Doraisami Mahendra, Domke Grant M, Martin Adam R
Department of Physical and Environmental Sciences, University of Toronto Scarborough, Toronto, ON, Scarborough, M1C 1A4, Canada.
USDA Forest Service, Northern Research Station, St. Paul, MN, USA.
Carbon Balance Manag. 2024 Aug 14;19(1):25. doi: 10.1186/s13021-024-00272-2.
Wood carbon fractions (CFs)-the proportion of dry woody biomass comprised of elemental carbon (C)-are a key component of forest C estimation protocols and studies. Traditionally, a wood CF of 50% has been assumed in forest C estimation protocols, but recent studies have specifically quantified differences in wood CFs across several different forest biomes and taxonomic divisions, negating the need for generic wood CF assumptions. The Intergovernmental Panel on Climate Change (IPCC), in its 2006 "Guidelines for National Greenhouse Gas Inventories", published its own multitiered system of protocols for estimating forest C stocks, which included wood CFs that (1) were based on the best available literature (at the time) and (2) represented a significant improvement over the generic 50% wood CF assumption. However, a considerable number of new studies on wood CFs have been published since 2006, providing more accurate, robust, and spatially- and taxonomically- specific wood CFs for use in forest C estimation.
We argue that the IPCC's recommended wood CFs and those in many other forest C estimation models and protocols (1) differ substantially from, and are less robust than, wood CFs derived from recently published data-rich studies; and (2) may lead to nontrivial errors in forest C estimates, particularly for countries that rely heavily on Tier 1 forest C methods and protocols (e.g., countries of the Global South with large expanses of tropical forests). Based on previous studies on this topic, we propose an alternative set of refined wood CFs for use in multiscale forest C estimation, and propose a novel decision-making framework for integrating species- and location-specific wood CFs into forest C estimation models.

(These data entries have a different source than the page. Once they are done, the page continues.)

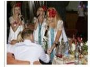
Корпоративные праздники. 250×174 ... 800×557 image-hall.perm.ru похожие
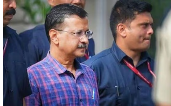
संवाददाता, नई दिल्ली

जमानत के लिए अब सुप्रीम कोर्ट पहुंचे अरविंद केजरीवाल, Delhi High Court से लग चुका है झटका
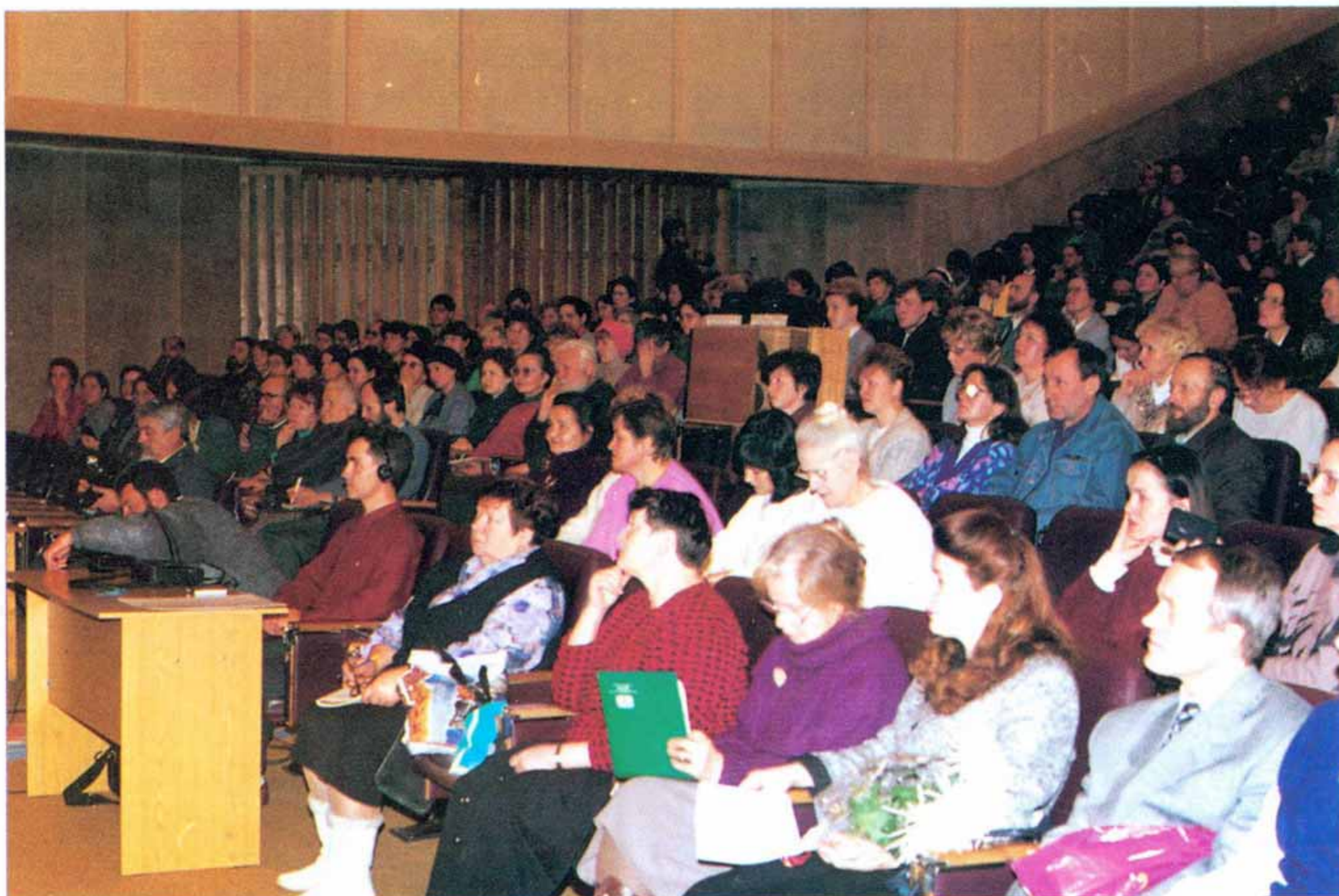
В зале во время работы конференции

Сибирское Рериховское Общество выражает сердечную благодарность руководству АОМТ «Авиакомпания Сибирь» и ОАО «Аэропорт Толмачёво», которые обеспечили бесплатный проезд учёных и общественных деятелей из Санкт-Петербурга, Москвы, Украины и Литвы на Пятые Рериховские Чтения.

The refined wood CFs that we present in this commentary may be used by the IPCC to update its recommended wood CFs for use in forest C estimation. Additionally, we propose a novel decision-making framework for integrating data-driven wood CFs into a wider suite of multitiered forest C estimation protocols, models, and studies.
木材碳组分(CFs)——即由元素碳(C)构成的干木质生物量的比例——是森林碳估算方案和研究的关键组成部分。传统上,森林碳估算方案中假定木材CF为50%,但最近的研究已经具体量化了几种不同森林生物群落和分类部门的木材CF差异,不再需要通用的木材CF假设。政府间气候变化专门委员会(IPCC)在其2006年《国家温室气体清单指南》中发布了自己的多层森林碳储量估算方案系统,其中包括的木材CF(1)基于当时可得的最佳文献,(2)相较于通用的50%木材CF假设而言有显著改进。然而,自2006年以来发表了大量关于木材CF的新研究,为森林碳估算提供了更准确、可靠且具有空间和分类特异性的木材CF。

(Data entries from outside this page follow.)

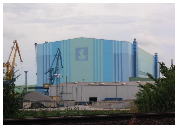
Pictura 3 Navale Stralsundae ( https://la.wikipedia.org/wiki/Navale )

Nāvālia sunt officīna, ubi nāvēs fabricantur et reparantur. Proxima imāgō (v. Pictura 3) dēformat nāvālia Stralsundae; Stralsunda (Germanicē „Stralsund“) est urbs hanseatica in Germāniā. Nāvālia Rōmae commemorat e.g. T. Līvius in librīs „Ab Urbe conditā“.
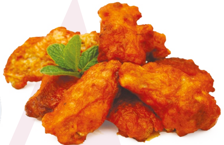
ALITA BARBACOA AINUK – 8X500GR.
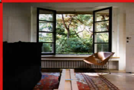
Contemporain : chez le créateur de la marque Bellerose page 78
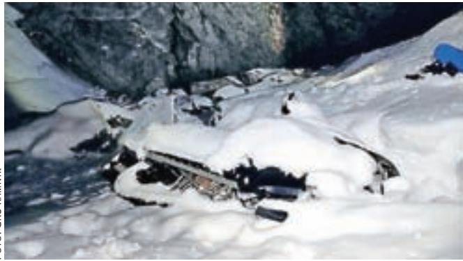
Polomljene motorne sani v jami Vetrnica na Veliki planini

hiš, ne za prevoz ...). Že tako je območje problematično, kar se tiče vode in komunalnih odplak. Sedaj pa še v znameniti vrtači motorne sani, polomljene, polne goriva in olja, kisline iz akumulatorja ... Ne kaže dobro s pitno vodo za Kamnik iz izvira Iverje ... Morda se bo pa kdo od pristojnih le zganil in poiskal lastnika ter ga ustrezno sankcioniral. Ker mislim, da prav nihče v Vetrnico ne more zapeljati po nesreči,« je eden od gorskih reševalcev zapisal na družbenem omrežju.
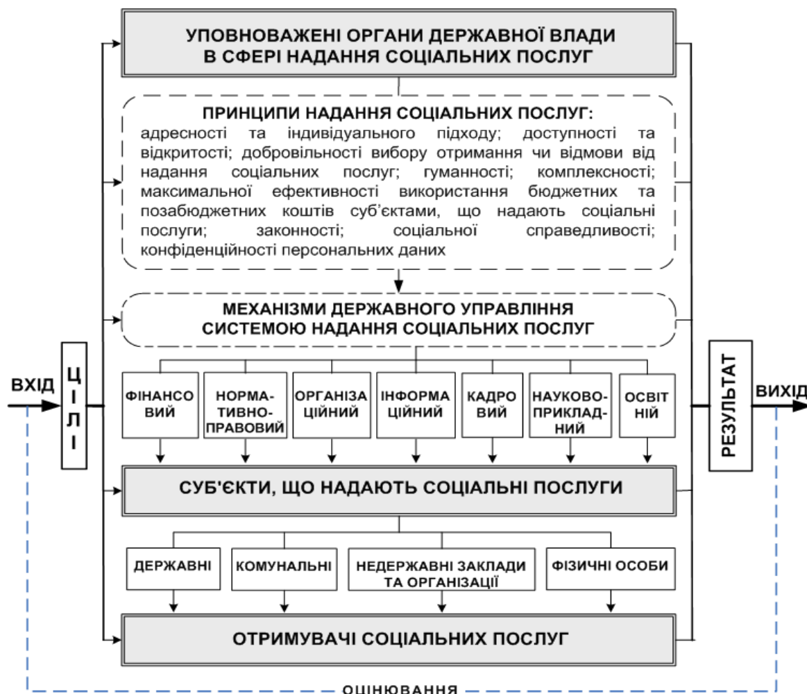
Рис. 1. Інтегральний механізм державного управління системою надання соціальних послуг

У процесі дослідження обґрунтовано потребу у висвітленні історичних передумов розвитку механізмів державного управління системою надання соціальних послуг, а також у тому, що систему надання соціальних послуг, механізми державного управління цією системою слід розглядати у взаємозв’язку подій минулого, сучасного та майбутнього. Підхід до дослідження, що базується на органічній єдності цих трьох складових, дає змогу виявити помилки, припущені в минулому, та запобігти їх виникненню у майбутньому, впровадити в державно-управлінську практику кращі історичний досвід і напрацювання. Пошук шляхів трансформування системи надання соціальних послуг, розроблення сучасних механізмів державного управління такими послугами мають базуватися на результатах дослідження історичних обставин, реалій, у яких вона колись функціонувала.

我们认为,IPCC推荐的木材CF以及许多其他森林碳估算模型和方案中的CF(1)与最近发表的、数据丰富的研究所得到的木材CF有很大差异,且稳健性较差;(2)可能会导致森林碳估算出现重大误差,特别是对于严重依赖一级森林碳方法和方案的国家(例如拥有大片热带森林的全球南方国家)。基于此前关于该主题的研究,我们提出了一套用于多尺度森林碳估算的改进木材CF,并提出了一个将特定物种和地点的木材CF纳入森林碳估算模型的全新决策框架。
我们在本评论中提出的改进木材CF可被IPCC用于更新其推荐的用于森林碳估算的木材CF。此外,我们提出了一个全新的决策框架,用于将数据驱动的木材CF整合到更广泛的多层森林碳估算方案、模型和研究中。